Abu Zubaydah has largely been in a position to inform his personal story solely by way of art work, when it has been declassified and launched by the jail. Renewed consideration to his case may increase his profile and assist his legal professionals discover a nation prepared to take him in.
The expanded authorized strategy is a part of an effort “to help the U.S. authorities in releasing Mr. Abu Zubaydah and discovering a secure and appropriate nation to resettle him peacefully and productively,” mentioned Lt. Col. Chantell M. Higgins, a lawyer with the U.S. Marine Corps who has represented Abu Zubaydah for six years.
“He’s a human being and clearly deserves an opportunity at freedom,” she mentioned.
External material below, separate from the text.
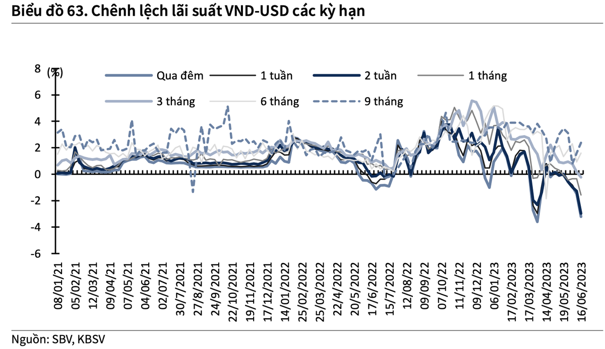 Thứ nhất, mới đây, Bộ Kế hoạch và Đầu tư đã cập nhật kịch bản tăng trưởng kinh tế cả năm 2023 sau khi GDP 6 tháng ước chỉ đạt 3,72%, thấp hơn so với kịch bản đã đề ra. Dù vậy, Chính Phủ vẫn chưa có ý định thay đổi mục tiêu GDP năm nay, đồng nghĩa với việc để đạt được mức tăng trưởng 6 - 6,5% thì cần có những biện pháp quyết liệt hơn nữa từ phía nhà hoạch định chính sách. Vì vậy, với ưu tiên hàng đầu là duy trì tăng trưởng kinh tế, KBSV cho rằng NHNN sẽ tiếp tục hạ lãi suất điều hành nếu không có biến động bất thường về tỷ giá.
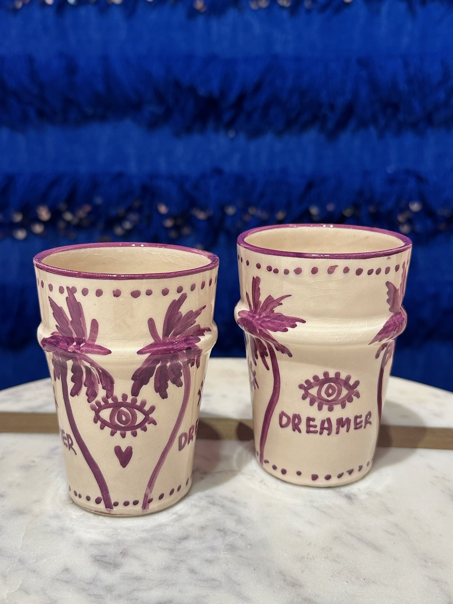 Dreamer Cappuccino cup Palmtree Lila/wit 10 cm.

The federal government’s interagency Periodic Evaluate Board final held a listening to on the prisoner’s standing on July 15, 2021. The panel concluded almost two years later that he was too harmful to launch. Such opinions have sometimes taken a couple of month.
Later this month, the subject of Abu Zubaydah is on the agenda of a gathering of the United Nations Human Rights Committee in Geneva. That effort is being championed by a human rights lawyer in The Hague and a regulation professor at U.C.L.A.
The U.N. physique has no enforcement authority. However in a short submitted final month, Abu Zubaydah’s legal professionals requested the committee to endorse the prisoner’s launch and advocate that the US pay him reparations and situation a proper apology.
Hannah R. Garry, the U.C.L.A. professor and the director of a human rights institute there, described the temporary as a prong in a coordinated effort on behalf of Abu Zubaydah “to hunt justice for him on a number of fronts and a number of venues.”
U.S. and European legal professionals even have long-running lawsuits on his behalf in Poland, the place he was held in a secret C.I.A. jail after Thailand, and in Britain.
Each search damages and accuse these governments of complicity in his torture or detention from 2002 to 2006, when he was held by the C.I.A. past the attain of U.S. and worldwide courts and visits by the Worldwide Pink Cross.
“U.S. courts, together with some justices of the U.S. Supreme Courtroom in 2022, the U.S. Senate and U.S. President Barack Obama have all acknowledged over time that strategies within the C.I.A.’s enhanced interrogation program in opposition to detainees represent torture,” the human rights legal professionals’ temporary mentioned.
“Regardless of this, to this present day, the U.S. authorities has by no means formally acknowledged this torture, provided apology or supplied any efficient cures to Mr. Abu Zubaydah and different detainees subjected to its enhanced interrogation program.”